PORTLAND — Fresh off a legal victory, the embattled owner of an Old Port bar wants the city to cancel a public hearing scheduled for Feb. 7 on its liquor and entertainment license.
In a letter to city councilors and the city attorney, Cactus Club owner Thomas Manning said the Department of Public Safety has dismissed six allegations against the bar.
But city officials and the Police Department believe the council should proceed with the hearing and ultimately deny the bar’s licenses, which would effectively shut it down.
Police contend that over the last year there were six administrative violations at the Cactus Club. They claim the bar over-served patrons and was the scene of a drug overdose.
But Manning argues that none of those violations could be traced to his business at 416 Fore St., and that police are unfairly targeting the bar for problems created by other Old Port establishments.
“As one reviews the alleged calls for service log in detail, it becomes apparent very quickly by any reasonable person that there is NOT MUCH going on here,” Manning wrote. “There are a couple of alleged incidents that can easily be explained and/or attributed to other next door businesses and not the Cactus Club.”
Included with Manning’s letter to the city was a motion filed Jan. 13 in Portland District Court by Assistant Attorney General Michelle Robert.
In it, Robert said allegations of six administrative violations against the club should be dismissed, since the Department of Public Safety is “unable to locate two key witnesses.”
Robert confirmed on Monday that charges against the bar have been dismissed.
Mayor Nicholas Mavodones wouldn’t comment on the impact the dismissed charges would have on the council.
“I want to make sure the night we have the hearing that I’m open to the information brought forward by both the police and Mr. Manning and his attorney,” Mavodones said.
City Corporation Counsel Gary Wood has recommended the council not postpone the hearing again, so if the council votes against the liquor license, he will have time to write a formal letter to Manning.
The City Council denied the bar’s liquor license in 2009, but Manning’s company, Allied Resources, appealed the decision to the Maine Supreme Judicial Court. Manning won when the court ruled the city took too long to formally notify him of the council’s denial.
If the council again denies the license, Wood said the city would have to provide Manning and the state liquor bureau with a formal letter of denial, approved by the council, no later than March 10.
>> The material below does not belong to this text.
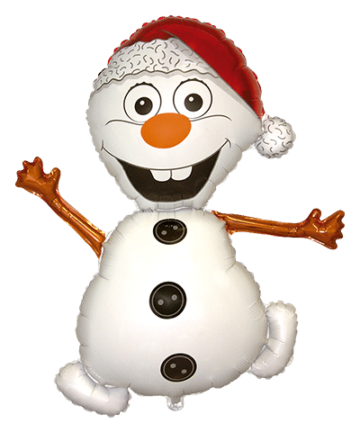 Фолиев балон снежен човек – snowman с весел коледен дизайн и шапка на Дядо Коледа. Класически символ на зимните и коледните празници. Изработен от висококачествено фолио с ясен и наситен печат. Големият размер го прави силен визуален акцент за коледни украси, витрини, тематични партита и фотокътове. Подходящ за пълнене с хелий или въздух. Отличен избор за самостоятелна декорация или комбиниране с други коледни балони.

Even though the alleged violations were dismissed, he said, the council may evaluate the club based on other standards, including public safety.
“That’s a separate and distinct standard,” Wood said.
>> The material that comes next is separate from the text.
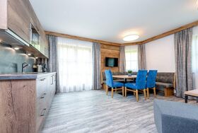 3-Raum Appartement mit Balkon oder Terrasse | im Erdgeschoss oder 1. Stock | 2 getrennte Schlafzimmer mit bequemen Doppelbetten | Wohn- und Schlafraum mit Essbereich und komfortabler Ausziehcouch für 2 Personen | Küchenzeile ausgestattet mit Ceranfeld, Mikrowelle, Kühlschrank, Kaffeemaschine, Wasserkocher und Geschirrspüler | Flachbild TV | Safe | kostenlose W-Lan Verbindung | Badezimmer mit Dusche | separates WC | Handtücher und Bettwäsche | Wellnesstasche mit flauschigen Bademänteln

Mavodones said that unless the Police Department withdraws its recommendation to deny the liquor license, the council will proceed with the scheduled hearing.
Police aren’t backing down.
“I think the establishment is run poorly; and as such, that directly affects public safety in the neighborhood,” Assistant Police Chief Michael Sauschuck said Monday. “Without question, we’re prepared to move forward.”
Manning, who criticized police for not putting service calls to his club in context with other bars, accused the department of circumventing a “fair, unbiased analysis and review” in favor of a “pre-determined agenda.”
“To think that any such unsubstantiated allegations which contain multiple levels of hearsay would even be considered in this process speaks volumes of how little else the police department has to discuss in this proceeding,” Manning said.